(Data for this exercise)

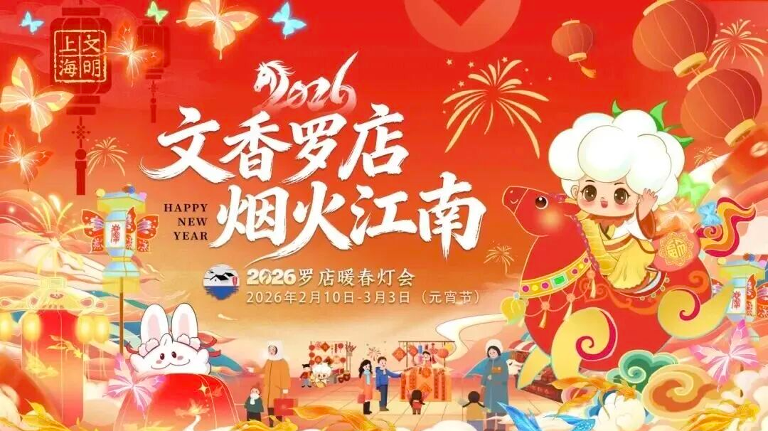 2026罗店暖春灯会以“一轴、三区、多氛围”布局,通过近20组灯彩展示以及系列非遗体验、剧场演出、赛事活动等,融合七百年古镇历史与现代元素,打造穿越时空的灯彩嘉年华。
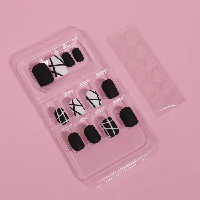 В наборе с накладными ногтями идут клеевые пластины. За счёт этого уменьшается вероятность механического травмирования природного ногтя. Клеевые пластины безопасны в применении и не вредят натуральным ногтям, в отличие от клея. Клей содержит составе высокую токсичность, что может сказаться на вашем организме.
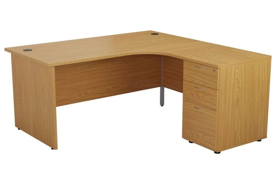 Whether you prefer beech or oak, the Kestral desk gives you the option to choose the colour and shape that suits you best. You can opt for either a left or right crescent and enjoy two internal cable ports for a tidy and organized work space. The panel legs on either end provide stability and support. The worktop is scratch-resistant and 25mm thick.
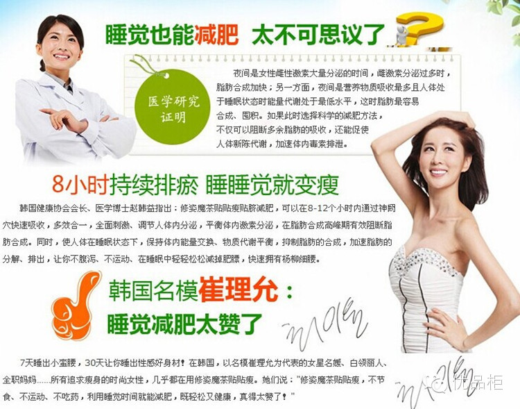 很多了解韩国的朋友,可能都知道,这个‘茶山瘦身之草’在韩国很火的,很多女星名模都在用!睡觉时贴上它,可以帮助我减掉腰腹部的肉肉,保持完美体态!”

(End Data for this exercise)
(Data for this exercise)

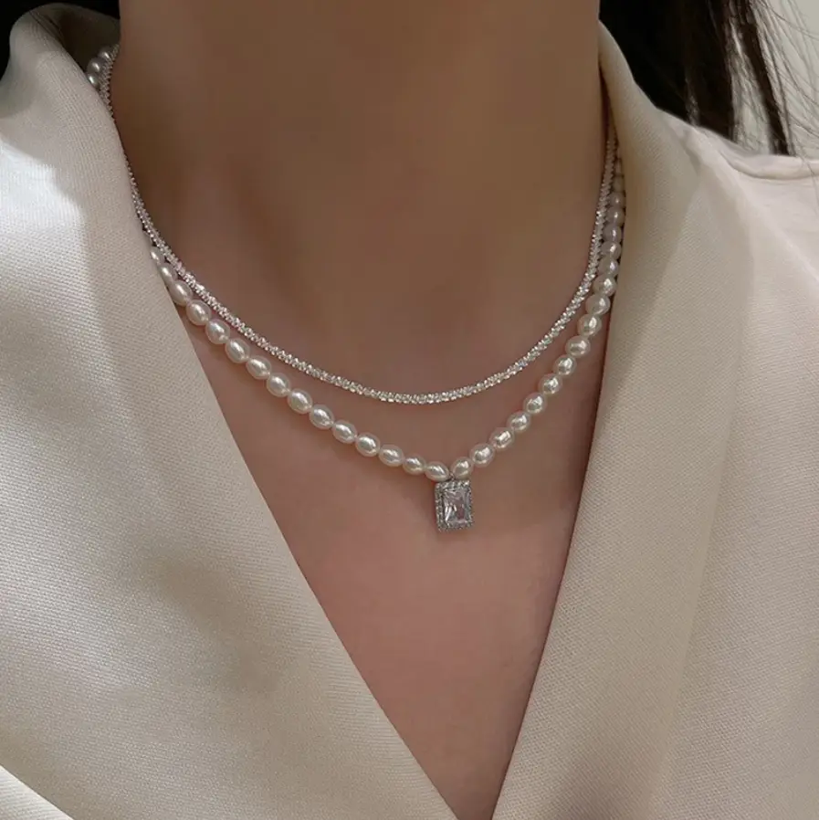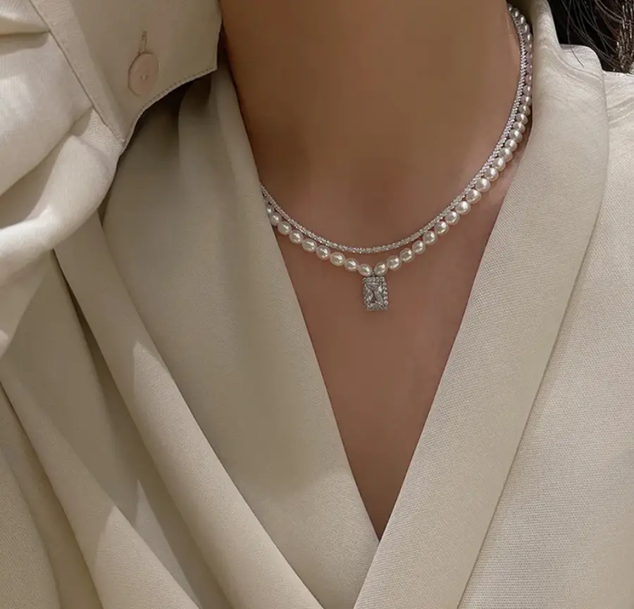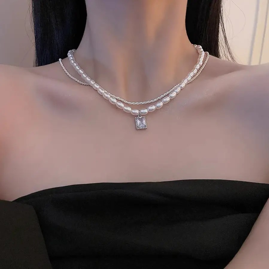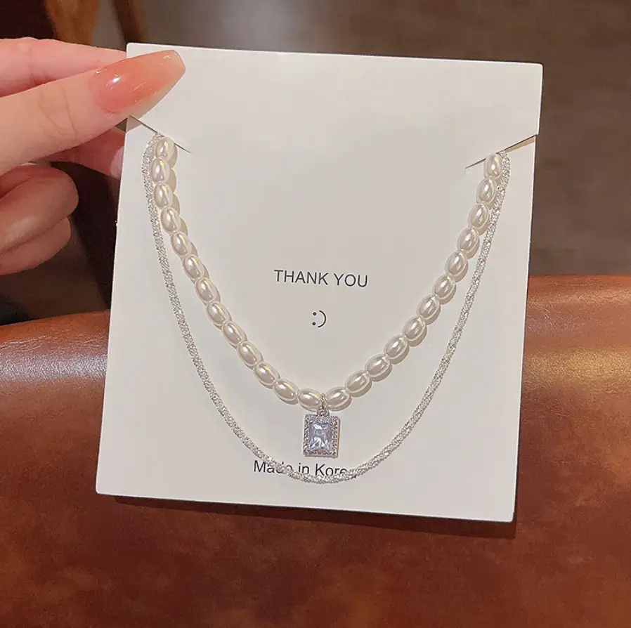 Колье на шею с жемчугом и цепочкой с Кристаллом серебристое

(End Data for this exercise)
(Data for this exercise)

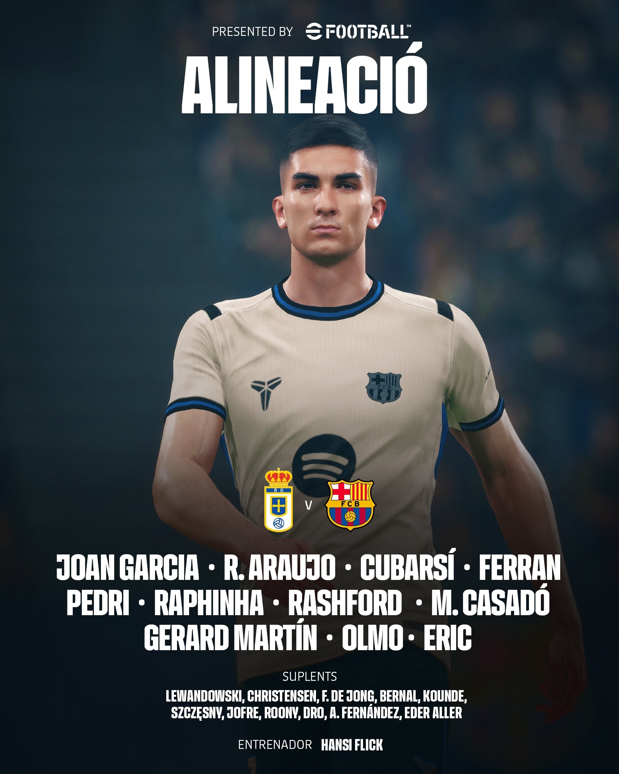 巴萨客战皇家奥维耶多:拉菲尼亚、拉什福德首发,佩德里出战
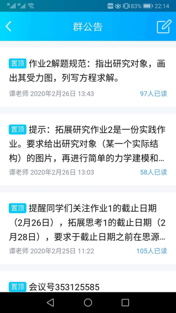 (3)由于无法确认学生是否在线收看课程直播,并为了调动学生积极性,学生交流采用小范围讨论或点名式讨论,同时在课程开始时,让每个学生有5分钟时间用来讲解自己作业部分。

(End Data for this exercise)

- **Problem requirements**
In the listing above, find the line with "В наборе с накладными" and the line with "很多了解韩国的朋友,可能都知". Transcribe those two and everything between, exactly, leaving out pictures.

- **The completed task**
 В наборе с накладными ногтями идут клеевые пластины. За счёт этого уменьшается вероятность механического травмирования природного ногтя. Клеевые пластины безопасны в применении и не вредят натуральным ногтям, в отличие от клея. Клей содержит составе высокую токсичность, что может сказаться на вашем организме.
 Whether you prefer beech or oak, the Kestral desk gives you the option to choose the colour and shape that suits you best. You can opt for either a left or right crescent and enjoy two internal cable ports for a tidy and organized work space. The panel legs on either end provide stability and support. The worktop is scratch-resistant and 25mm thick.
 很多了解韩国的朋友,可能都知道,这个‘茶山瘦身之草’在韩国很火的,很多女星名模都在用!睡觉时贴上它,可以帮助我减掉腰腹部的肉肉,保持完美体态!”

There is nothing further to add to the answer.